This week’s Sunday matchup takes place at the brand new US Bank Stadium in Minneapolis at 830pm. It’s going to be exciting to see the Vikings finally back in a stadium that they can permanently call home after having played at the University of Minnesota stadium for the past two seasons while their home was being built. This is surely going to be a loud one to renew another season of this always exciting rivalry between two NFC North competitors, with both the Green Bay Packers and Vikings coming off week one wins. For this week’s game in Minnesota we’ve recreated one of the most popular dishes enjoyed by residents of Minnesota for the past 80+ years, the Hotdish…

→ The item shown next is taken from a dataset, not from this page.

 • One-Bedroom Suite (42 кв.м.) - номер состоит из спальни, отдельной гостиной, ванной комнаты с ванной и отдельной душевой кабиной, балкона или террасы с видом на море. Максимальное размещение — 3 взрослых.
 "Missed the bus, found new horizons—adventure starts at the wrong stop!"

This ubiquitous ultimate comfort food is one that you can easily find throughout the state of Minnesota, both at home kitchens and at community gatherings. It’s now so woven into the fabric of Minnesota’s social identity that yearly Hotdish competitions can be found throughout the year, and every family has a personal recipe passed down through several generations. The original versions of this dish were conceived by housewives in the 1930s who found the economics of combining canned vegetables with a protein and starch to be a more convenient way to serve their large families on a budget. Here is a classic recipe for Hotdish, although almost any vegetable, protein or starch can be substituted to make an enormous range of delicious Hotdishes.
- 2 T Olive Oil or Butter
- 1 Medium Yellow Onion, chopped
- 8oz Sliced Mushrooms
- 1 T Minced Garlic
- Salt and Pepper
- 1 Lb Ground Beef (80/20 blend)
- 1 Can Sweet Corn, drained
- 1 Can Cut Green Beans, drained
- 2 10oz Cans Cream of Mushroom Soup
- 16oz Frozen Tater Tots (or more if needed to cover surface)

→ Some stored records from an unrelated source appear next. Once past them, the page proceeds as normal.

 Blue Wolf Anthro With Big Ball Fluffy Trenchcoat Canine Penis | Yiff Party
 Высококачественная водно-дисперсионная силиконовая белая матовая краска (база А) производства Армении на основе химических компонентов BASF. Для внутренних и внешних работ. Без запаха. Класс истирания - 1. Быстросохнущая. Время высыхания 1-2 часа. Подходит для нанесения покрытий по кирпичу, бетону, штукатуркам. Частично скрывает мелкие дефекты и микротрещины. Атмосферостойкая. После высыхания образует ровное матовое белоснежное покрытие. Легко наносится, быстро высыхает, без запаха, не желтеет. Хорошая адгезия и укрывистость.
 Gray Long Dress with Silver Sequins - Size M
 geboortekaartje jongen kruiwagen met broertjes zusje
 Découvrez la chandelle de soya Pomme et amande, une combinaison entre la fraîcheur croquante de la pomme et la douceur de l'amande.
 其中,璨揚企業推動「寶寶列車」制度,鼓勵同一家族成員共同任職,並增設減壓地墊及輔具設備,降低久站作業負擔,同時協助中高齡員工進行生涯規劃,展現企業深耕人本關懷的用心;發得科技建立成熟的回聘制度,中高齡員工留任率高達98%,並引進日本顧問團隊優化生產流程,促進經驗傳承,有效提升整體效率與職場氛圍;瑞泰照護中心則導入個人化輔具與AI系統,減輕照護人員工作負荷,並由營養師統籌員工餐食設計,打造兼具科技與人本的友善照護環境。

- 1 C Shredded Cheddar Cheese
Preheat oven to 350 degrees. Bring olive oil or butter to medium heat in a large skillet. Add onion and cook for 5-6 minutes, stirring occasionally. Add mushrooms and cook until tender. Add minced garlic and toss for 2 minutes before removing skillet from heat. Season with salt and pepper to taste and transfer to a medium bowl. Add uncooked beef to the skillet and bring to medium heat. Using a spoon or spatula break apart the clumps of meat and stir frequently just until the meat is browned but not overcooked. Drain the meat and spread evenly over the bottom of a 9X13 casserole dish. Distribute the onion/mushroom mixture evenly over top. Combine the corn and beans into your medium bowl, adding about 1 tsp Salt and ¼ tsp black pepper to taste (it’s always important to season all of your cooking components separately for even distribution of flavors). Transfer the corn/bean mixture into the dish and spread evenly to cover. Spoon the cream of mushroom over the vegetables and cover evenly. Top with one layer of tater tots to finish the build. Place (uncovered) into the oven and cook for 45 minutes. Remove Hotdish from oven, sprinkle cheddar cheese on top and cook for an additional 15-20 minutes.